The Corner

Politics & Policy

Chevron Update

I am a big fan of Chevron, and not only because it’s an NR advertiser: In a world where corporations get weak-kneed and pay ransom when threatened by a liberal / leftist shakedown, the oil giant has taken the different road. As we have reported many times, a concocted and well-funded legal attack spanning the Western Hemisphere — accusing Chevron of not remediating old drilling sites in Ecuador, and causing cancer, pollution, and other alleged and bogus calamities — would have gone away with some major tribute bucks. But risking (and getting, and obviously still getting) bad PR, Chevron refused to pay off the flim-flammers, and counterattacked. Last year it beat the tar out of its foes in a federal RICO case in New York. That expensive process exposed the Left’s schemes, tactics, allies, and lies, and beat their sorry behinds in court. That should endear Chevron to conservatives. It does to this one.

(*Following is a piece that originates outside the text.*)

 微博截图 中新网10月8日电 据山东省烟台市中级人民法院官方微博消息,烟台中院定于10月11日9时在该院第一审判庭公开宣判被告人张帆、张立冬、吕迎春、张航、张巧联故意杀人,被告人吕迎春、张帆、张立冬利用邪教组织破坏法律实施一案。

The RICO case, and other related judgments, were not victories of slick lawyering. They were victories of fact. Namely, that Chevron (via its predecessor, Texaco) did what it was supposed to do while drilling for oil in the 1990s in Ecuador — when it was finished, it cleaned up the sites, an outcome then approved by the government. The current thuggish regime tried to undo that in order to claim a piece of the leftist litigants’ expected bonanza, and rigged the down-there legal proceedings to produce an initial judgment against Chevron to the tune of $9 billion (two books, Law of the Jungle and Crude Awakening, do a marvelous job of explaining the extent of the regime’s immense abuses).

Anyway . . .

Last week, an O’Reilly Factor segment took up the case, backwards. In October, B.O. had called the case against Chevron a “bunco scheme.” But now that it has been revealed that the company had made noteworthy donations to the Clinton Foundation, and that its CEO had face time with Hillary Clinton, the storyline has switched to favor-currying and the impression that Chevron was indeed guilty of pollution and was trying to get out of paying up.

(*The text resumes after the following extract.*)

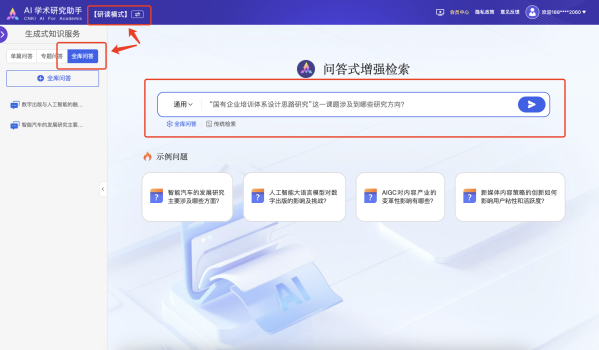 学术问答:分为全库问答和新鲜问答两种模式。在全库问答模式下,AI 助手将在知网全库范围为用户寻找精准权威的体系化解答。当用户希望在最新的研究成果中生成答案时,可一键切换至新鲜模式。新鲜问答模式基于近十年发表的文献资源,生成最新的回答,让用户轻松把握前沿知识。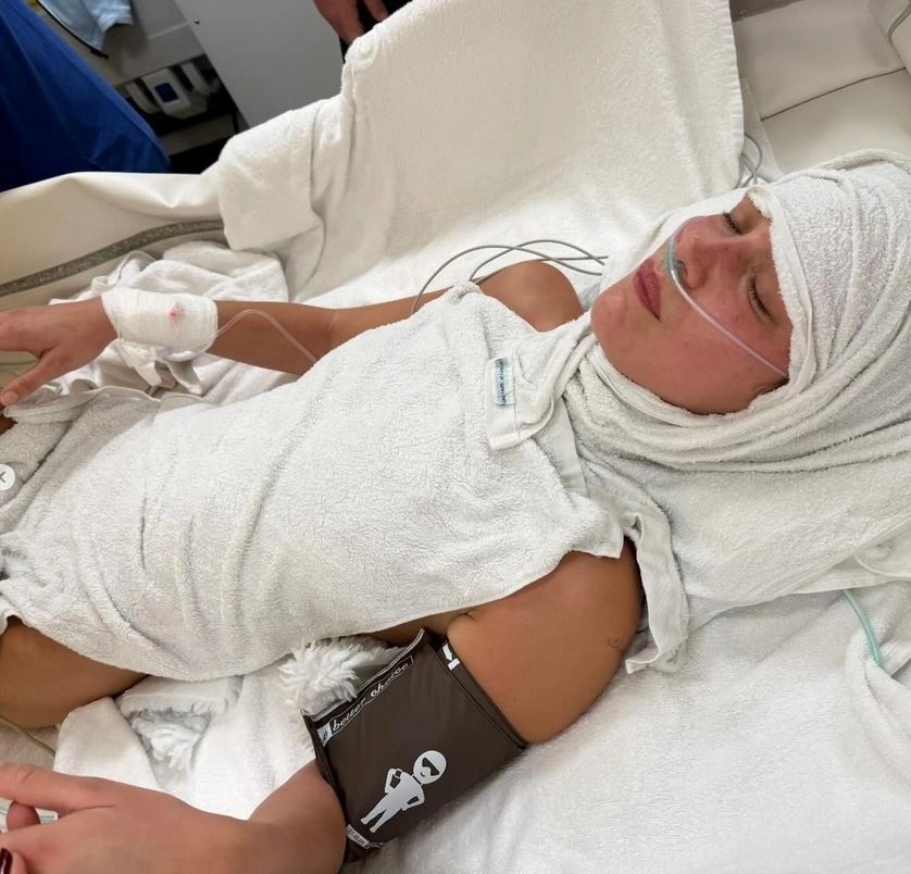 Τον Σεπτέμβριο η Μπέλα Χαντίντ μοιράστηκε συγκλονιστικές φωτογραφίες από το νοσοκομείο, με την ίδια να εμφανίζεται ταλαιπωρημένη, φορώντας ορό και έχοντας το κεφάλι της καλυμμένο με επίδεσμο.

Geesh. Besides that not being the case (there was no pollution, for starters), there’s nothing wrong with a U.S. corporation — its stock owned by thousands of Americans, retirees, and pension funds — seeking assistance and relief from a foreign regime’s bald complicity in what the Wall Street Journal has called the “legal fraud of the century.” O’Reilly, get out of the spin and see this entire enchilada for what it was, and is: an epic battle between a major corporation and the Left in which the suits fought the good fight, did the right thing, for the right reasons, and prevailed over a huge swath of the liberal shakedown community.

Jack Fowler is a contributing editor at National Review and a senior philanthropy consultant at American Philanthropic.